> **Work required**: Down to the last line, transcribe the records verbatim and exclude the images.

> **Items listed in a dataset**:
● ● ● ● ●

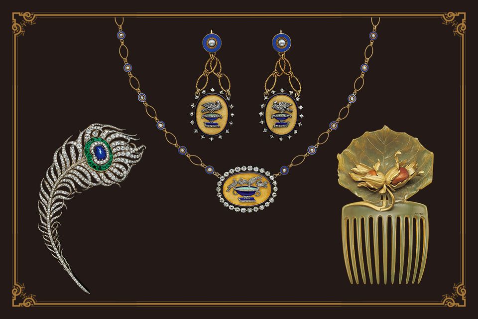 ブローチ/エイグレット“孔雀の羽根”孔雀は古来より権力、栄光、富、不死などの象徴であり、インドの国鳥でもある。19世紀後期から20世紀初期にかけて、ジュエラーたちの大きな着想源となった。フレデリック・ブシュロン作のエイグレットは、優雅な曲線を描く孔雀の羽根の軽やかさを見事に表現している。
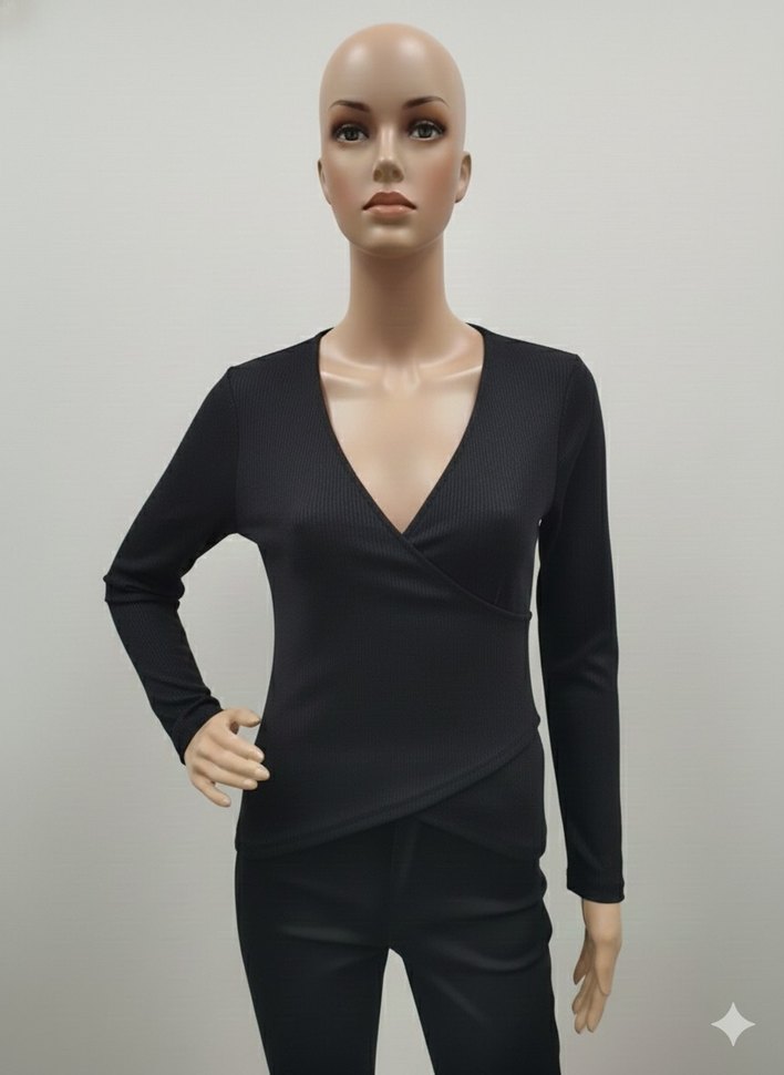 Siyah V Yakalı Uzun Kollu Kadın Bluz
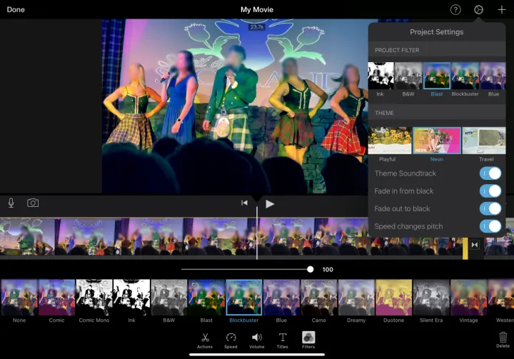 要进行进一步调整,请点击顶部的项目设置图标。从菜单中,您可以选择项目过滤器和主题,包括您选择的主题的配乐,淡入或淡出黑色,并改变音频的音调与任何速度的变化。
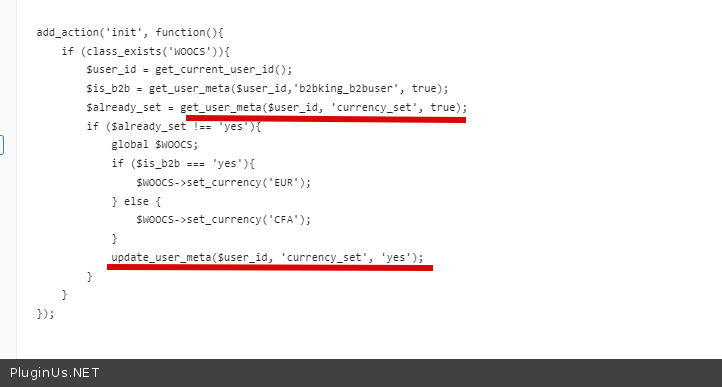 add_action('init', function(){ if (class_exists('WOOCS')){ $user_id = get_current_user_id(); $is_b2b = get_user_meta($user_id,'b2bking_b2buser', true); $already_set = get_user_meta($user_id, 'currency_set', true); if ($already_set !== 'yes'){ global $WOOCS; if ($is_b2b === 'yes'){ $WOOCS->set_currency('EUR'); } else { $WOOCS->set_currency('CFA'); } update_user_meta($user_id, 'currency_set', 'yes'); } } });
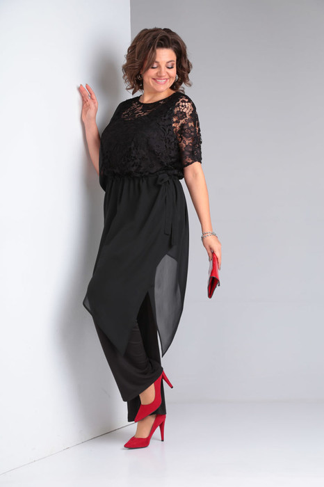 Комплект брючный состоит из брюк, майки и блузона. Брюки и майка выполнены из тонкого трикотажного полотна. Брюки широкие, с резинкой по талии. Майка с глубоким "о"-образным вырезом горловины и нагрудными вытачками. Блузон выполнен из прозрачного шифона и гипюра. Перед и спинка имеют ассиметричные подрезы: по правой стороне рельеф от которого в область талии подрез и кулиса. Блузон драппируется за счет пояса, который проходит через кулису.
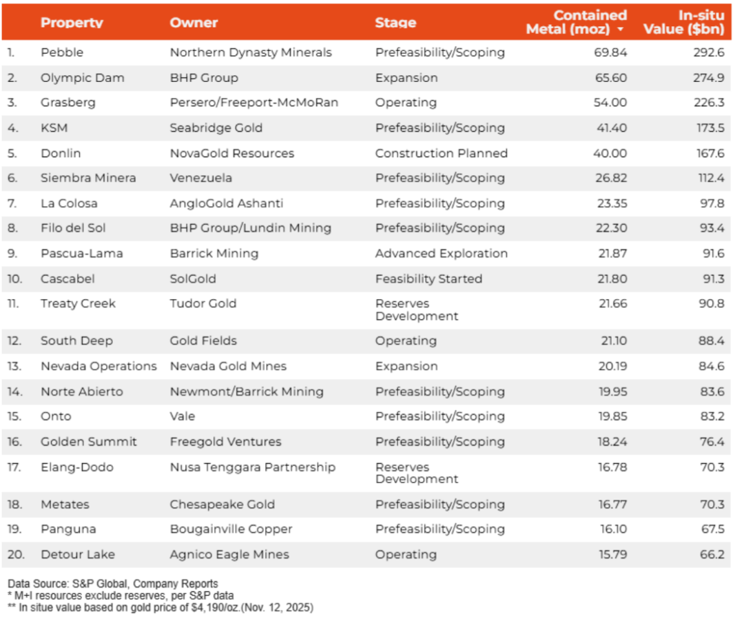 據(jù)minging.com統(tǒng)計(jì),排名第一的是北方皇朝礦產(chǎn)公司(NDM)的佩布爾(Pebble)金礦項(xiàng)目,該礦位于美國阿拉斯加州布里斯托灣附近,其中金資源量6984萬盎司,約等于2176.23噸。除了黃金之外,據(jù)估算,該礦山預(yù)測礦產(chǎn)資源量為2587.8萬噸的銅、154.36萬噸的鉬和3.45億盎司的銀,是世界上資源最豐富的礦床之一。但該項(xiàng)目已經(jīng)停滯了十多年,當(dāng)?shù)丨h(huán)保人士、居民和漁業(yè)人員堅(jiān)決反對(duì)開發(fā)Pebble礦山。
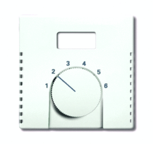 Abb Busch-Jaeger Future, Solo, Axcent, Carat bed.element / centr.pl. schakelmat., kunststof, wit, uitvoering draaiknop, gebruik thermostaat, uitvoering oppervlakte glanzend, opdruk/indicatie diverse symbolen, controlevenster/verlicht, beschermingsgraad (IP) IP20, RAL-nummer 9016, halogeenvrij,
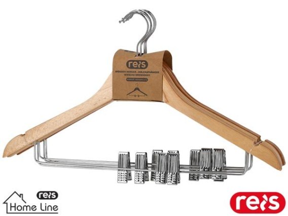 - drewniany z metalową poprzeczką wyposażoną w klipsy
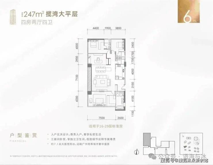 产品方面,项目提供多样化高端住宅配置,满足不同层级的生活需求。叠墅产品位于7栋与10栋,面积区间240-310㎡,为城市中轴线上罕有的南向首排一线江景叠墅,空间层次丰富,居住私密性强;大平层分布于6栋高区至低区,面积段覆盖79-400㎡,其中高区单位具备270°观景视野,尽揽珠江壮阔与小蛮腰天际;中低区单位则打造实用型江景住宅,面宽设计极致优化,5开间朝南,13米以上阳台面宽,营造超阔观江视界。loft公寓位于5栋,面积段为41-110㎡,买一层送一层,精装交付,是市场稀缺的投资型优质产品。另配备写字楼产品,单层面积达1060㎡,整体约4万㎡,匹配城市总部级办公需求,成就金融城商务新地标。
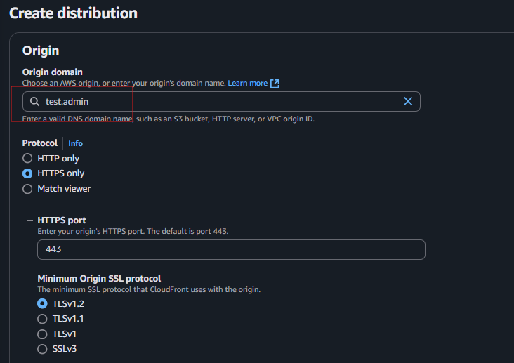 7) Custom SSL certificate - optional = "버즈니아 북부에서 만든 ACM 적용"
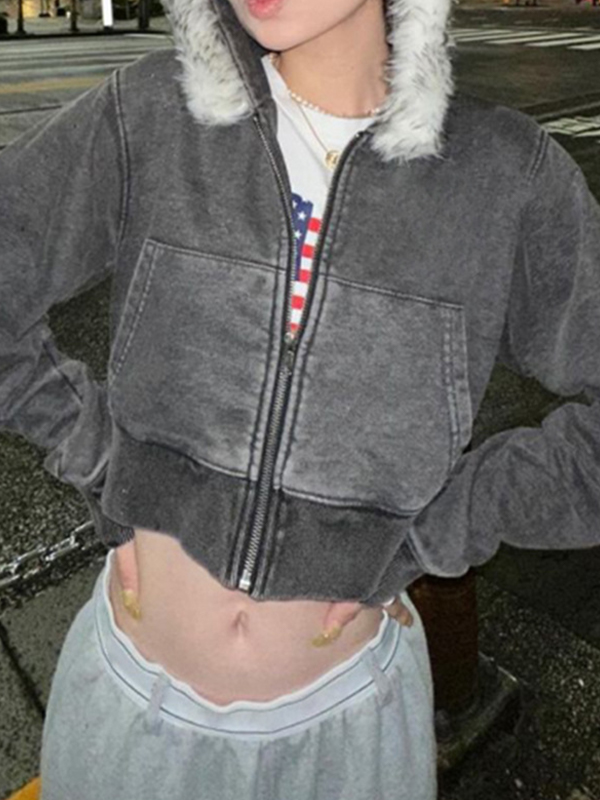 American Vintage – Jacke mit gewaschenem Pelzkragen
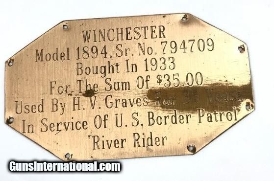 Description: What an awesome old gun! Purchased in 1933 for $35 and used for 35 years in the field by US Border Patrol 'River Rider' Agent H.V. Graves. Comes with the brass/bronze placard. Beautiful old gumwood stock. Has a few old dings and bruises from use. Crack in the forarm on the left side from the tip to the band. Rebarreled sometime in the early to mid 1900's by Alamo Gun Co. Has a Lyman front sight and ladder style carbine rear sight. Barrel bluing is in good condition, with most remaining. Some scattered bluing loss and light scratches. Receiver shows some finish loss at the high edges, with greater than 50% bluing remaining. Saddle ring is in good condition. Bore is in great condition, bright, with good strong rifling. Winchester Model 1894 chambered in .30 W.C.F. (30-30) with a 16" barrel Overall length is approximately 34-1/4 LOP is approximately 12-7/8" THIS GUN IS C&R Eligible. Made between 1916. Will require 03 or 01 FFL for transfer. SHIPPING CHARGES ($30) INCLUDE A TRACKING NUMBER & INSURANCE FOR THE FULL SOLD VALUE ________________________________________________________________________ For payment, I accept Postal Money Orders, and Certified Cashiers Checks Please email FFL / C&R / or Identification to the email address found in "Seller Contact Info"
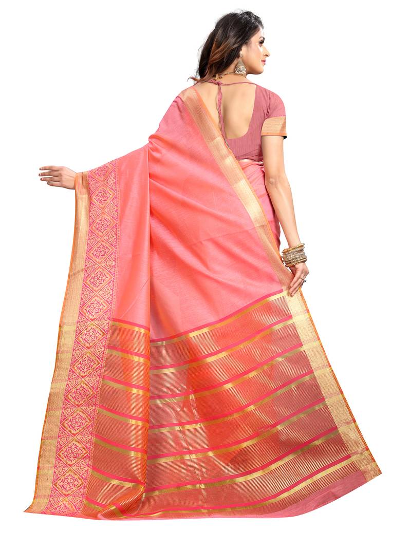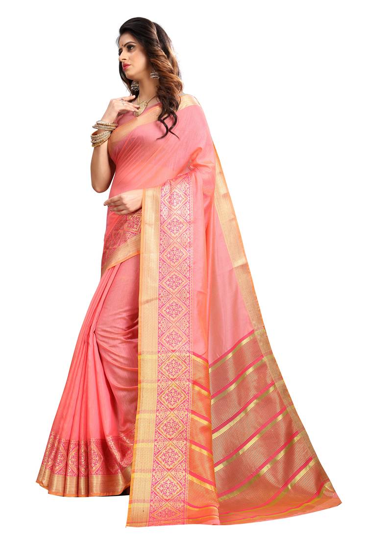 | Product Name | Peach Woven Cotton Silk Saree With Blouse | |
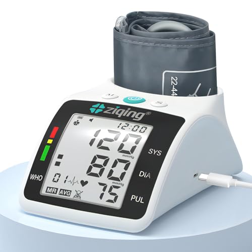 CAZON Blood Pressure Monitors Large Cuff Blood Pressure Machine Medical BP Monitor Upper Arm BP Cuff for Home Use Heart Rate Hypertension Monitor, Cuff 22-40cm LCD Display (Blue)

● ● ● ● ●

> **Result below**:
 ブローチ/エイグレット“孔雀の羽根”孔雀は古来より権力、栄光、富、不死などの象徴であり、インドの国鳥でもある。19世紀後期から20世紀初期にかけて、ジュエラーたちの大きな着想源となった。フレデリック・ブシュロン作のエイグレットは、優雅な曲線を描く孔雀の羽根の軽やかさを見事に表現している。
 Siyah V Yakalı Uzun Kollu Kadın Bluz
 要进行进一步调整,请点击顶部的项目设置图标。从菜单中,您可以选择项目过滤器和主题,包括您选择的主题的配乐,淡入或淡出黑色,并改变音频的音调与任何速度的变化。
 add_action('init', function(){ if (class_exists('WOOCS')){ $user_id = get_current_user_id(); $is_b2b = get_user_meta($user_id,'b2bking_b2buser', true); $already_set = get_user_meta($user_id, 'currency_set', true); if ($already_set !== 'yes'){ global $WOOCS; if ($is_b2b === 'yes'){ $WOOCS->set_currency('EUR'); } else { $WOOCS->set_currency('CFA'); } update_user_meta($user_id, 'currency_set', 'yes'); } } });
 Комплект брючный состоит из брюк, майки и блузона. Брюки и майка выполнены из тонкого трикотажного полотна. Брюки широкие, с резинкой по талии. Майка с глубоким "о"-образным вырезом горловины и нагрудными вытачками. Блузон выполнен из прозрачного шифона и гипюра. Перед и спинка имеют ассиметричные подрезы: по правой стороне рельеф от которого в область талии подрез и кулиса. Блузон драппируется за счет пояса, который проходит через кулису.
 據(jù)minging.com統(tǒng)計(jì),排名第一的是北方皇朝礦產(chǎn)公司(NDM)的佩布爾(Pebble)金礦項(xiàng)目,該礦位于美國阿拉斯加州布里斯托灣附近,其中金資源量6984萬盎司,約等于2176.23噸。除了黃金之外,據(jù)估算,該礦山預(yù)測礦產(chǎn)資源量為2587.8萬噸的銅、154.36萬噸的鉬和3.45億盎司的銀,是世界上資源最豐富的礦床之一。但該項(xiàng)目已經(jīng)停滯了十多年,當(dāng)?shù)丨h(huán)保人士、居民和漁業(yè)人員堅(jiān)決反對(duì)開發(fā)Pebble礦山。
 Abb Busch-Jaeger Future, Solo, Axcent, Carat bed.element / centr.pl. schakelmat., kunststof, wit, uitvoering draaiknop, gebruik thermostaat, uitvoering oppervlakte glanzend, opdruk/indicatie diverse symbolen, controlevenster/verlicht, beschermingsgraad (IP) IP20, RAL-nummer 9016, halogeenvrij,
 - drewniany z metalową poprzeczką wyposażoną w klipsy
 产品方面,项目提供多样化高端住宅配置,满足不同层级的生活需求。叠墅产品位于7栋与10栋,面积区间240-310㎡,为城市中轴线上罕有的南向首排一线江景叠墅,空间层次丰富,居住私密性强;大平层分布于6栋高区至低区,面积段覆盖79-400㎡,其中高区单位具备270°观景视野,尽揽珠江壮阔与小蛮腰天际;中低区单位则打造实用型江景住宅,面宽设计极致优化,5开间朝南,13米以上阳台面宽,营造超阔观江视界。loft公寓位于5栋,面积段为41-110㎡,买一层送一层,精装交付,是市场稀缺的投资型优质产品。另配备写字楼产品,单层面积达1060㎡,整体约4万㎡,匹配城市总部级办公需求,成就金融城商务新地标。
 7) Custom SSL certificate - optional = "버즈니아 북부에서 만든 ACM 적용"
 American Vintage – Jacke mit gewaschenem Pelzkragen
 Description: What an awesome old gun! Purchased in 1933 for $35 and used for 35 years in the field by US Border Patrol 'River Rider' Agent H.V. Graves. Comes with the brass/bronze placard. Beautiful old gumwood stock. Has a few old dings and bruises from use. Crack in the forarm on the left side from the tip to the band. Rebarreled sometime in the early to mid 1900's by Alamo Gun Co. Has a Lyman front sight and ladder style carbine rear sight. Barrel bluing is in good condition, with most remaining. Some scattered bluing loss and light scratches. Receiver shows some finish loss at the high edges, with greater than 50% bluing remaining. Saddle ring is in good condition. Bore is in great condition, bright, with good strong rifling. Winchester Model 1894 chambered in .30 W.C.F. (30-30) with a 16" barrel Overall length is approximately 34-1/4 LOP is approximately 12-7/8" THIS GUN IS C&R Eligible. Made between 1916. Will require 03 or 01 FFL for transfer. SHIPPING CHARGES ($30) INCLUDE A TRACKING NUMBER & INSURANCE FOR THE FULL SOLD VALUE ________________________________________________________________________ For payment, I accept Postal Money Orders, and Certified Cashiers Checks Please email FFL / C&R / or Identification to the email address found in "Seller Contact Info"
 | Product Name | Peach Woven Cotton Silk Saree With Blouse | |
 CAZON Blood Pressure Monitors Large Cuff Blood Pressure Machine Medical BP Monitor Upper Arm BP Cuff for Home Use Heart Rate Hypertension Monitor, Cuff 22-40cm LCD Display (Blue)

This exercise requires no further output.